F3 Interest on the Notes may be payable, at the Issuer's election, in cash, in shares of the Issuer's Series B Convertible Preferred Stock (the "Series B Preferred Stock") or in shares of Series D Preferred Stock, in each case as set forth in the Notes. The Series B Preferred Stock and Series D Preferred Stock are both convertible into shares of the Issuer's common stock at the option of the holder thereof at any time. The Notes bear interest at the rate of 7% per annum. The number of shares of the Issuer's common stock indicated in the Table is based on the outstanding principal amount of the Notes held as of August 19, 2021.
F4 The Notes were delivered through the clearing system of the Depository Trust Company and such delivery was completed on August 19, 2021.
F5 As disclosed in the Issuer's Form 8-K filed with the Securities and Exchange Commission ("SEC") on November 29, 2021, the Board of Directors of the Issuer determined that interest on the Notes payable on December 31, 2021, would be paid in the form of Series D Preferred Stock.
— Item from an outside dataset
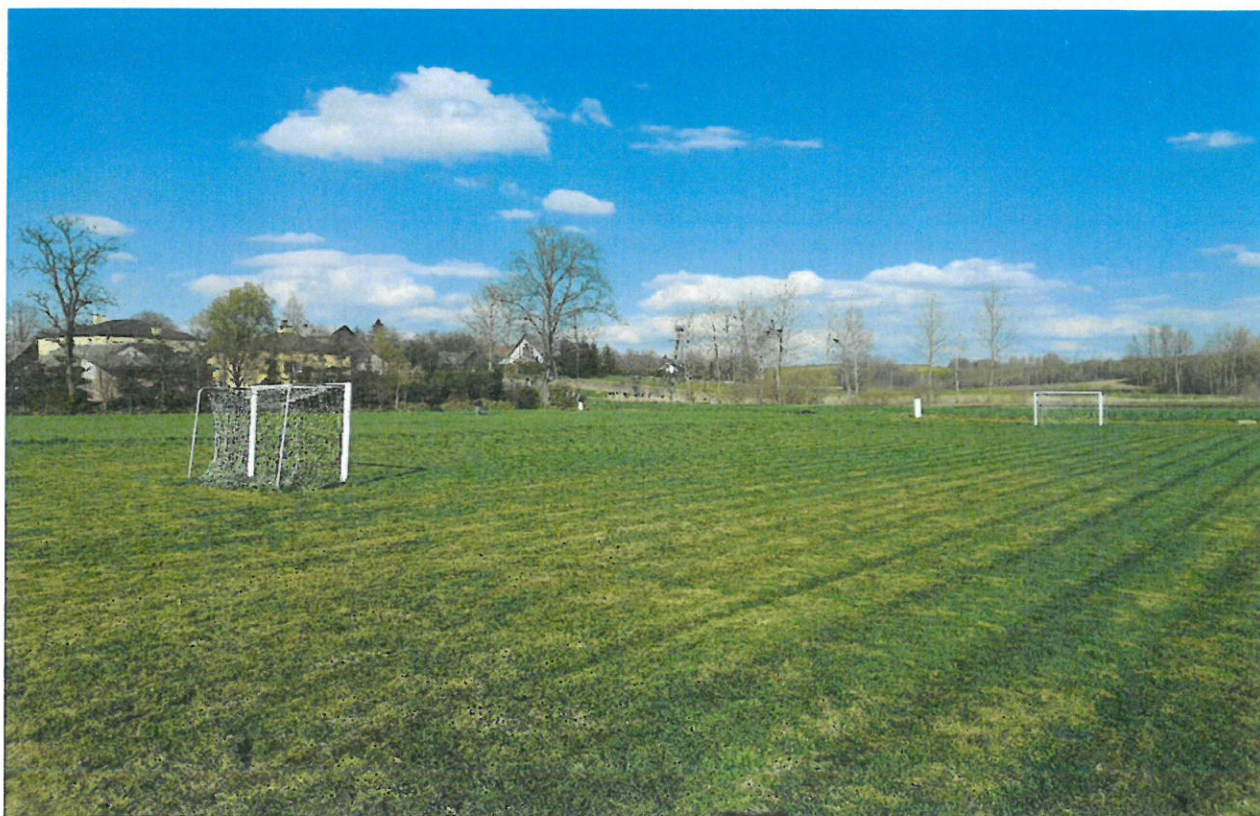
Boisko sportowe w Więckowicach

On December 31, 2021, the Company issued shares of Series D Preferred Stock to the Reporting Person as payment of interest with respect to the Notes held by the Reporting Person, in accordance with the terms thereof and of the Indenture among the Issuer and Wilmington Savings Fund Society, FSB, as Trustee, governing the terms of the Notes (the "Indenture"). This Form 4 reports the sale on August 29, 2022 of 344 shares of the Series D Preferred Stock at $13.01 per share.
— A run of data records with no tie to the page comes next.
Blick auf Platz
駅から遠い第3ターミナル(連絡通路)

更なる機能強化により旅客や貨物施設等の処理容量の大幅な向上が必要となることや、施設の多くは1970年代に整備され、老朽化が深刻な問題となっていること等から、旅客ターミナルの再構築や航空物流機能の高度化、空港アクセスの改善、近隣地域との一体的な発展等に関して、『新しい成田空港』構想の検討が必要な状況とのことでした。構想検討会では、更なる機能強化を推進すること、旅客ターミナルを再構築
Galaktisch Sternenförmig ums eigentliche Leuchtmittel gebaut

F6 As disclosed in the Issuer's Form 8-K filed with the SEC on April 3, 2017, each share of Series D Preferred Stock is convertible into 1.474 shares of the Issuer's common stock. The Series D Preferred Stock has no expiration date.
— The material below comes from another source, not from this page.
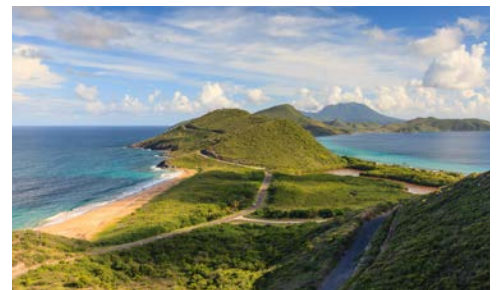
St. Kitts and Nevis

Nutzen Sie die freien Tage, um etwas Sport zu treiben oder während einer Yoga-Stunde einen freien Kopf zu bekommen. Mit dem vielfältigen Sportangebot haben Sie die Möglichkeit ganz individuell nach Ihren Wünschen zu trainieren.

F7 As disclosed in the Issuer's Form 8-K filed with the SEC on May 20, 2022, the Issuer determined that interest on the Notes payable on June 30, 2022, would be paid in the form of Series B Preferred Stock. On June 30, 2022, the Issuer issued shares of Series B Preferred Stock to the Reporting Person as payment of interest with respect to the Notes held by the Reporting Person, in accordance with the terms thereof and of the Indenture. This Form 4 reports the sale on August 29, 2022 of 1,312 shares of the Series B Preferred Stock at $3.81 per share.
F8 As disclosed in the Issuer's Form 8-K filed with the SEC on April 3, 2017, each share of Series B Preferred Stock is convertible into 0.625 shares of the Issuer's common stock. The Series B Preferred Stock has no expiration date.